"Belka? Ma doświadczenie. Jeszcze nie wiemy co zrobimy"
Zobacz: wybory.gazeta.pl- serwis specjalny
"Wiem, że prof. Belka jest trudny do współpracy"
- Jest problem w samej Platformie Obywatelskiej - mówił gość Poranka Radia TOK FM. - Chyba chodzi o to, żeby wskazać palcem na tych, którzy się nie zgadzają na kandydaturę Belki. Mi on nie przeszkadza. Sama PO zrobi sobie problemy, bo jak posłuchać polityków lewicy, to oni z rozrzewnieniem wspominają Belkę.
Poncyljusz mówił, że nominacja Belki może być zagraniem wyborczym. - Zastanawiam się, czy w PO jest tak krótka ławka, że sięga się po polityków lewicowych. Ktoś pewnie doradził Komorowskiemu, że jak ten sięgnie po Belkę, to będzie gest w stronę lewicowego elektoratu. Ale wydaje mi się, że to decyzja przestrzelona.

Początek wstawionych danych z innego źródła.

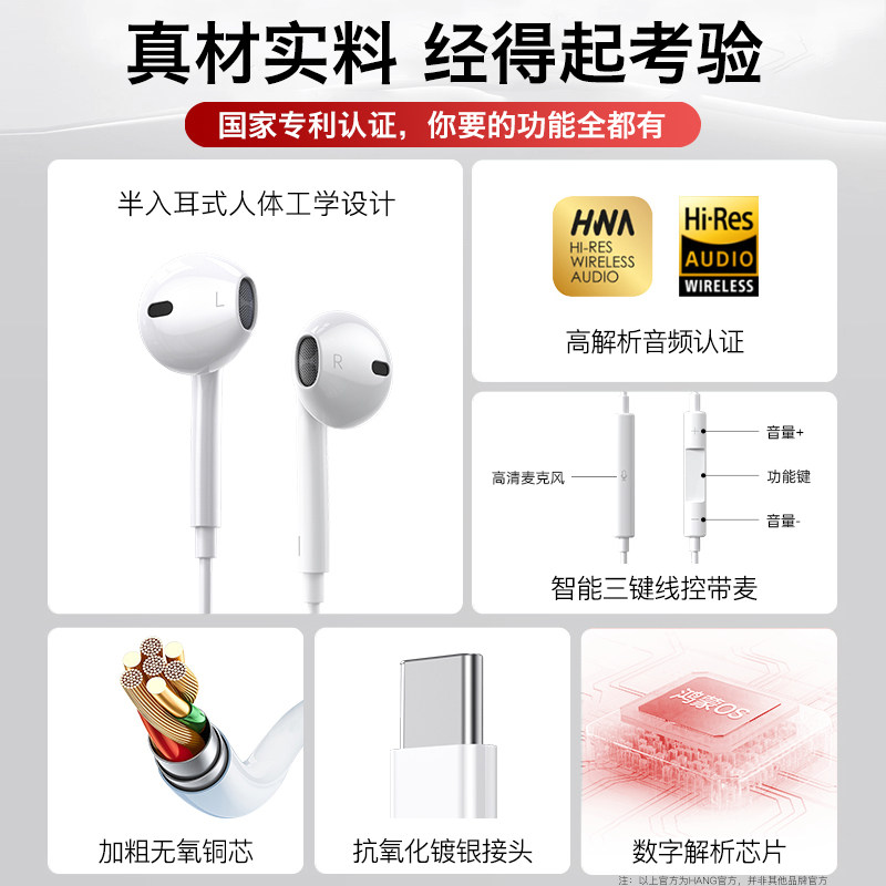 官方正品睡眠耳机有线入耳式typec接口高音质降噪k歌游戏手机圆口
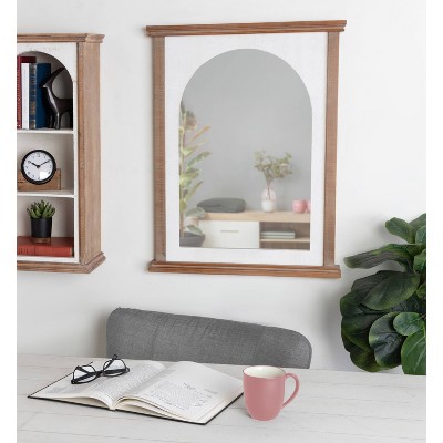 Decorate your home with a coastal aesthetic that makes a bold impression with the Brenna wall mirror from Kate and Laurel. Inspired by vintage farmhouse decor, the Brenna wall mirror features an arched opening with crown moulding at the top and bottom of the frame. This crown moulding delivers a lovely sophistication and a beautiful dimension to any wall of your home. The wooden frame of the Brenna wall mirror is also distressed by hand to give it that antique look, in addition to its lovely two-tone rustic brown and white finish. This beautiful mirror looks fantastic mounted on the wall in your living room, bedroom, entryway, or dining room. The mirror’s overall dimensions are 22 inches wide by 28 inches tall, so it also looks fantastic as a powder room or master bathroom wall mirror above your sink. Adding a mirror to your home not only enhances your wall decor but also spreads more light throughout your space. Hang the Brenna wall mirror in a matter of seconds with the D-ring hangers securely attached to the back of the frame.
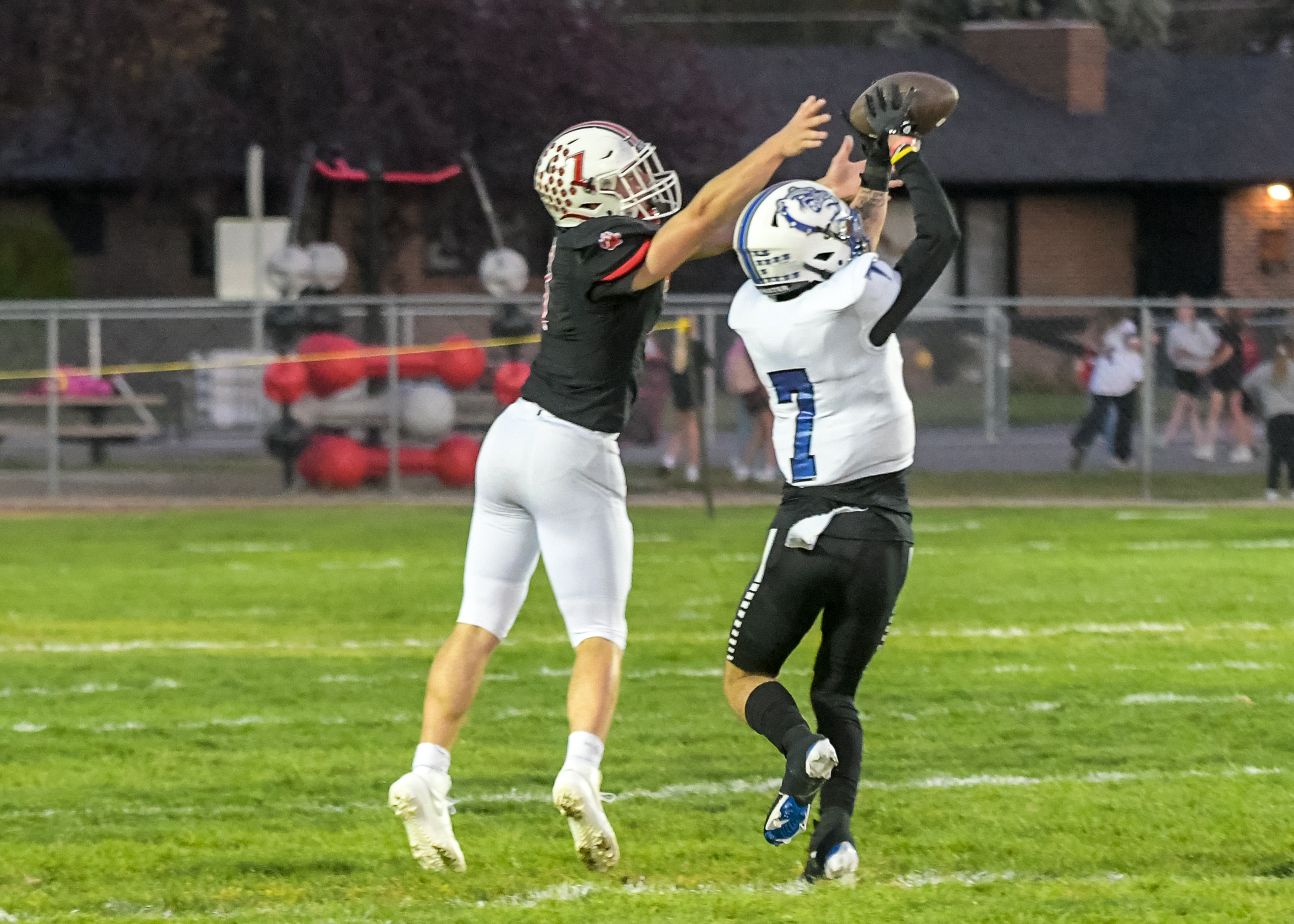 Image 1 Caption: Bulldog DB Colt Barnard breaks up a pass to Wolves WR Marcus Pestel during last Friday's game against Three Forks

Może zainwestować w samoloty "w wersji heban ze złotem"?
- Strona polska cały czas czeka na wszystkie dokumenty od strony rosyjskiej - mówił o śledztwie ws. katastrofy smoleńskiej Poncyljusz. - Gdybyśmy dzisiaj próbowali wytypować najbezpieczniejszy samolot w Polsce, to wskazalibyśmy ten sam samolot prezydencki, który się rozbił. To świadczy o tym, że zwykły samolot rejsowy jest bardziej bezpieczny od samolotu dla VIP-ów i o to chodzi w pytaniu o słabość państwa.
Gość Poranka podkreślił, że nadal nie wiemy, gdzie były lotniska zapasowe dla tamtego lotu. - To oznacza, że gdzieś się procedury posypały - powiedział Poncyljusz. - Nikt nie dyskutuje o tym, że samolot był niesprawny, bo już wiemy, że był sprawny. Całą ta katastrofa powinna dać na przyszłość asumpt do rozmowy o tym, czy całe procedury i flota jest bezpieczna. Gdybyśmy dzisiaj policzyli wszystkie koszty tej tragedii, to okazałoby się, że może lepiej by było kupić najdroższy samolot w wersji heban ze złotem, niż ryzykować wypadek gorszym sprzętem - mówił Paweł Poncyljusz, rzecznik prasowy sztabu wyborczego Jarosława Kaczyńskiego.